Теперь, когда он думал об этом, болью искажалось его лицо. А ведь рядом с ним — все та же Власта! Наверняка угадывает — с мужем происходит что-то непонятное; Патера чувствует на себе ее взгляды, и, хотя она ни словом не обмолвилась, — он-то знает: она ждет. Ждет его объяснений! И напрасно. Как будто тень легла между ними, как будто встали между ними хмурые горы, которые ни перейти, ни обойти, как будто бездонная пропасть раскрыла свою пасть прямо у них под ногами. Патера по-прежнему ходил на завод, разговаривал с товарищами, нажимал на спуск клепального молотка, под грохот цеха перекидывался отрывочными словами с хмурым Пепиком. А тот тоже смутно о чем-то догадывался. Пепик прозрачен, как лесной родник, Пепик не актер. Все как прежде — и все же совсем не так.

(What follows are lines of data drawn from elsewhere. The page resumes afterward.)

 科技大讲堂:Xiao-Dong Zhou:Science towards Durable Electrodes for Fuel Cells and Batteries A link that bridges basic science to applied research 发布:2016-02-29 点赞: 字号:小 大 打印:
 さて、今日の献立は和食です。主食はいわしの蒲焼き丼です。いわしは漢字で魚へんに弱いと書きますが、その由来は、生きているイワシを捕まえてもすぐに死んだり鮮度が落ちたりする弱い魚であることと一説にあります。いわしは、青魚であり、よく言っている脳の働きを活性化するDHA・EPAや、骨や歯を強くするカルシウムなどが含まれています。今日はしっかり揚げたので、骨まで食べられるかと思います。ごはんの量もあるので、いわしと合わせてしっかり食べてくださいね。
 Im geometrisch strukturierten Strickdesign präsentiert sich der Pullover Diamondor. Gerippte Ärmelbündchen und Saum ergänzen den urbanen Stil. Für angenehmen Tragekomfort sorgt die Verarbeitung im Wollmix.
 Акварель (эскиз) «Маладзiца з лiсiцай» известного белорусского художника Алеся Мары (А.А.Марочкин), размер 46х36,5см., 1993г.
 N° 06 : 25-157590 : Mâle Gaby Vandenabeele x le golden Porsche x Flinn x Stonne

«Люди еще не заметили, что я не могу смотреть им в глаза», — думал Патера, возвращаясь три дня назад с общего партсобрания. Один, совсем один. Он сбежал с собрания! Даже не голосовал за прием в партию Пепика — ему казалось, будто его голос чем-то запачкает этого честного парня.
«А никто и не заметил, что я не голосовал», — с облегчением вздохнул Патера.
Но так дальше нельзя. Как прежде, спешил домой — взять на руки сынишку, рассказать Власте обо всем, что случилось за день, о всякой чепухе! Власта привыкла быть среди людей, ей теперь не хватает работы, беготни за прилавком, на котором разложены рулоны белоснежного полотна для детских рубашечек, и, хотя она ничего не говорила, он-то все понимал, старался как-то возместить ей эту потерю. Теперь и это кончилось! Что ей теперь сказать?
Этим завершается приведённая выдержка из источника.